Mentre sarebbe così semplice ritornare a vedere con occhi
ingenui di una bambina (Anna), che con i suoi compagni disegna come vedono il
quartiere:
Le pagine piene di colori
vivaci, di facce allegre
un pensiero per tutti,
giovani
e vecchi, piante e
animali.
Una vera lezione per
tutti.
La
biodiversità riconosciuta come elemento primigenio dell'essere vive in questo
momento.
Invitandoci
ad entrare nel giardino globale, partecipi, consapevoli e attenti, Roberto Mosi
sottolinea come la poesia e lo sguardo ingenuo del poeta e dell’artista sia
quello più appropriato per dialogare con la Natura. E questo è invito e compito
di tutti, proprio tutti.
L’amore
finisce dove finisce
l’erba
e l’acqua muore.
Scriveva
il poeta Giorgio Caproni nei suoi 'Versicoli quasi ecologici'. E siamo ancora
in tempo, per poco forse, a ritornare in armonia con la Natura.
Giuseppe
Baldassarre
* * * * *
Roberto Mosi, “Il nostro giardino
globale”, Raccolta online, 19-1-2023
Postfazione dell’Autore
L’Arte e la crisi climatica
L’arte
scuote dall’animo la polvere accumulata
nella
vita di tutti i giorni
Pablo
Picasso
L’arte è in grado di dare risonanza a
fenomeni che incombono sul destino dell’uomo e coinvolge la sfera emotiva di
ognuno di noi, riesce a cambiare la prospettiva di osservazione di chi guarda: le opere
d’arte si trasformano in “oggetti parlanti” ricchi di significato
che possono trasmettere l’urgenza di una certa tematica e allo stesso
tempo spingere l’osservatore ad agire.
L’attivista Bill McKibben, scrittore e giornalista, avvertì venti
anni orsono la necessità di sensibilizzare gli artisti sulla crisi climatica in
atto, convinto del fatto che non fosse ancora stata compresa la sua portata
tragica. Lanciò così un appello alla comunità artistica sottolineando l’urgenza
di un ritorno all’immaginazione che solo gli artisti sono in grado di ricreare.

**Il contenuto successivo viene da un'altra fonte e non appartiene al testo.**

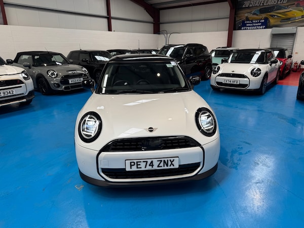 2024 74 MINI COOPER 1.5 AUTO, 4980 MILES SERVICE HISTORY. FINISHED IN STUNNING NANUQ WHITE PEARL WITH BLACK HEXAGON LEATHER HEATED SEATS, HEAD UP DISPLAY, KEYLESS ENTRY, NAV PACK MEDIA, SATIN BLACK INTERIOR TRIM, LEATHER MULTI FUNCTION STEERING WHEEL, MULTI SCREEN DIGITAL DASHBOARD, APPLE CAR PLAY, BLUETOOTH AUDIO, DAB RADIO, DAUL CLIMATE CONTROL, CRUISE CONTROL, SPEED LIMITER, SPORTS MODES, REAR PARKING SENSORS WITH REVERSING CAMERA, PRIVACY GLASS, DIAMOND CUT ALLOYS, BLACK MIRRORS, BLACK ROOF, AUTO LED HEADLIGHTS, UNION JACK REAR LIGHTS, AUTO WIPERS AND MUCH MORE. EXCEPTIONAL THROUGHOUT, 6 MONTHS ROAD TAX, REMAINDER OF MANUFACTURES WARRANTY, FULLY VALETED AND SERVICED ON COLLECTION OR DELIVERY, CAT N RECORDED, CHOICE OF 25 MINI ONE, CLASSIC, COOPERS, CLUBMAN, COUNTRYMAN, CONVERTIBLES, JCW IN STOCK NOW. IF YOUR LOOKING FOR A MINI CALL RICHARD CHECK OUT OUR GOOGLE REVIEWS @28STATECARS
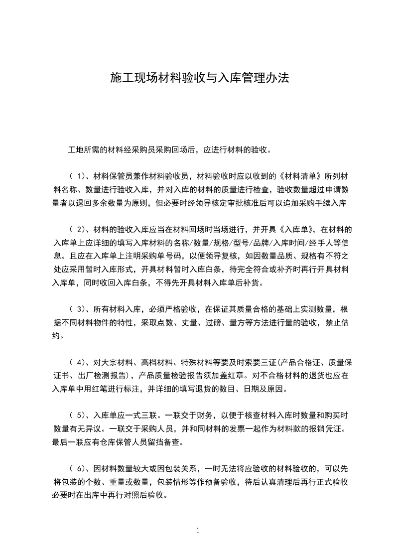 1)由采购员持发票、明细等,单据齐全方可入库。
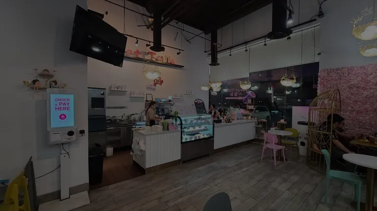 Yelp Review 2024 #86:There was another dessert/ boba tea shop right across from Sweet Talk and we were torn between the two places. Without checking Yelp and have our opinion swayed, we ended up at Sweet Talk.They have a glass case with cute desserts, a wall of flowers and a seating area that looks like a bird cage. They had a swamp cooler when we went - not sure if this was typical for them.They have jelly, pudding, iced tea, boba tea, latte, smoothie, matcha, cake slices, crepe, crepe cake, shaved ice, mango mousse shaped like corn. The piggy pudding comes in different flavors and I really wanted to try one but we came from an AYCE hot pot lunch. All we had room for was a drink.We all had passion fruit iced tea. I forgot the names of the drinks. One had passionfruit and lychee, one had passionfruit and pineapple, and one Passaflora (passionfruit & grape juice,passion fruit, aloe, aloe jelly, jasmine green tea). The drinks are refreshing but a bit too sweet - but all I had to do was drink a bit and pour some water to dilute it.

L’immediatezza e le la forza del messaggio artistico rendono infatti più
accessibili i dati scientifici all’uomo comune e trasmettono in modo diretto lo status della
crisi.
Si pone in questa prospettiva la mostra “Il giardino globale”, organizzata
dal Circolo degli Artisti “Casa di Dante” di Firenze con il proposito di promuovere
l’impegno degli artisti, in dialogo con il pubblico, su argomenti di grande
attualità: la salvaguardia del pianeta, il riscaldamento globale, l'energia e il
destino della stessa umanità e della Terra, da considerare come il nostro
giardino globale.
Emerge sempre più nell'arte contemporanea la consapevolezza di una
pluralità di legami che connettono tra loro forme di vita differenti,
ecosistemi, tecnologie, frammenti di natura e storia. La natura, le nature, in
forma plurale, ibrida, frammentata, tornano così ad essere focali anche nel
mondo dell'espressione.
Ci si chiede in che modo la poesia contemporanea, in dialogo con le arti
figurative, il pensiero filosofico e le scienze naturali e sociali, sia
impegnata in un processo di ridefinizione del rapporto con la natura. Di questi
tempi, infatti, l’attenzione non solo è concentrata sulla crisi ecologica ma si
parla anche di ecologia della parola, di poesia-paesaggio e di poesia come
ossigeno (si veda di Niccolò Scaffai Letteratura e ecologia, Carocci
2017, e Racconti del Pianeta Terra, Einaudi 2022).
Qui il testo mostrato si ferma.